What you return should match the data word for word, minus the images.

COLLECTED MATERIAL ->
+ + +
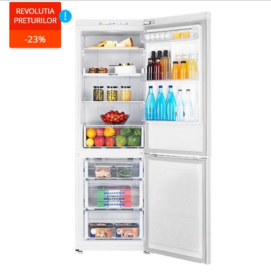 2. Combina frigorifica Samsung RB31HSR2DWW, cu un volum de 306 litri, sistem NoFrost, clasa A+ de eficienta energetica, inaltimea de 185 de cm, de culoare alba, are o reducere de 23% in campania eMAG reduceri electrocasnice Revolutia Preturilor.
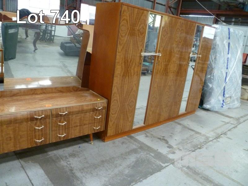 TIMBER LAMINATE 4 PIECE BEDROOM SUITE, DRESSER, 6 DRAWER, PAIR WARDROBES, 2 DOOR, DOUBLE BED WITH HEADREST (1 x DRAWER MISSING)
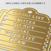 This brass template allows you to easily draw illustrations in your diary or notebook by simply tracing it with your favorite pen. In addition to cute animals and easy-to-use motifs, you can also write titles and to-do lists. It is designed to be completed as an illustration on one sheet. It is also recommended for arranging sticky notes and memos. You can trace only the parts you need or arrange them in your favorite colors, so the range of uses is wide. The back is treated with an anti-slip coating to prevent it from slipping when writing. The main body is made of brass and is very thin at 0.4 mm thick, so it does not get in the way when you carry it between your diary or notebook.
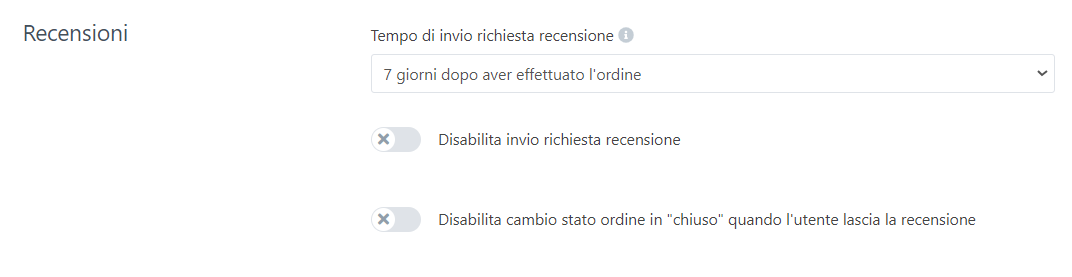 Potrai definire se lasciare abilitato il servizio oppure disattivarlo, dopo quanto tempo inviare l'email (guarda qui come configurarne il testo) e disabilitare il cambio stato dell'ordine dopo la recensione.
+ + +
REPLY TO THE EXERCISE ->
 2. Combina frigorifica Samsung RB31HSR2DWW, cu un volum de 306 litri, sistem NoFrost, clasa A+ de eficienta energetica, inaltimea de 185 de cm, de culoare alba, are o reducere de 23% in campania eMAG reduceri electrocasnice Revolutia Preturilor.
 TIMBER LAMINATE 4 PIECE BEDROOM SUITE, DRESSER, 6 DRAWER, PAIR WARDROBES, 2 DOOR, DOUBLE BED WITH HEADREST (1 x DRAWER MISSING)
 This brass template allows you to easily draw illustrations in your diary or notebook by simply tracing it with your favorite pen. In addition to cute animals and easy-to-use motifs, you can also write titles and to-do lists. It is designed to be completed as an illustration on one sheet. It is also recommended for arranging sticky notes and memos. You can trace only the parts you need or arrange them in your favorite colors, so the range of uses is wide. The back is treated with an anti-slip coating to prevent it from slipping when writing. The main body is made of brass and is very thin at 0.4 mm thick, so it does not get in the way when you carry it between your diary or notebook.
 Potrai definire se lasciare abilitato il servizio oppure disattivarlo, dopo quanto tempo inviare l'email (guarda qui come configurarne il testo) e disabilitare il cambio stato dell'ordine dopo la recensione.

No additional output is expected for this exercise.